• _Assignment_: Every line below must be reproduced exactly; no pictures are to be included.

• _Dataset section_:
━━━━━━━━━━━━━━━━━━━━

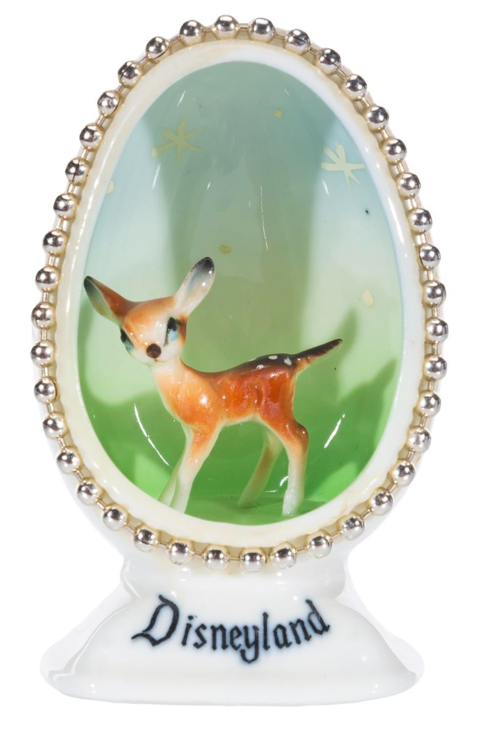 (Disneyland, 1950s-60s) A bone china egg souvenir of Disneyland featuring Bambi. Measuring 2.75” x 1.75” x 1.25”, the figurine is in fine condition.
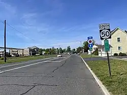 US 40 and Route 50 follow the Harding Highway, a two-lane undivided road, turning to the northeast and crossing the Great Egg Harbor River. Upon passing over the river, enters Mays Landing and turns north, encountering CR 617 before passing over an abandoned railroad line and heading into the downtown area of Mays Landing.[1][2] Here, the road crosses CR 559, and US 40 splits from Route 50 by turning east along that road.[1] Meanwhile, Route 50 continues north on Cape May Avenue, passing through developed areas.[2] It leaves Mays Landing and heads into back into forests. The route turns to the northeast, passing near the Clover Leaf Lakes residential development, before coming to a diamond interchange with US 322 (Black Horse Pike).[1][2]
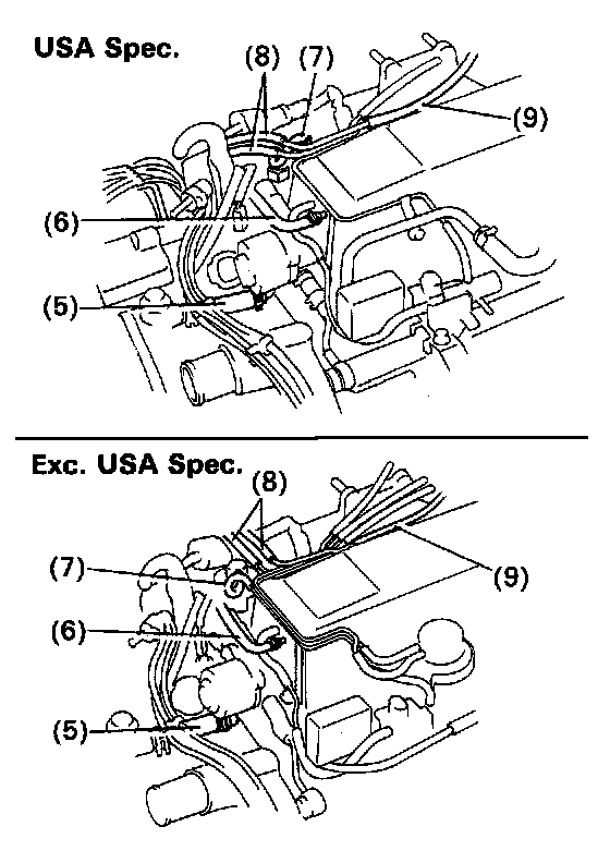 (9) Vacuum hose (from charcoal canister) to vacuum pipe.

━━━━━━━━━━━━━━━━━━━━

• _Result below_:
 (Disneyland, 1950s-60s) A bone china egg souvenir of Disneyland featuring Bambi. Measuring 2.75” x 1.75” x 1.25”, the figurine is in fine condition.
 US 40 and Route 50 follow the Harding Highway, a two-lane undivided road, turning to the northeast and crossing the Great Egg Harbor River. Upon passing over the river, enters Mays Landing and turns north, encountering CR 617 before passing over an abandoned railroad line and heading into the downtown area of Mays Landing.[1][2] Here, the road crosses CR 559, and US 40 splits from Route 50 by turning east along that road.[1] Meanwhile, Route 50 continues north on Cape May Avenue, passing through developed areas.[2] It leaves Mays Landing and heads into back into forests. The route turns to the northeast, passing near the Clover Leaf Lakes residential development, before coming to a diamond interchange with US 322 (Black Horse Pike).[1][2]
 (9) Vacuum hose (from charcoal canister) to vacuum pipe.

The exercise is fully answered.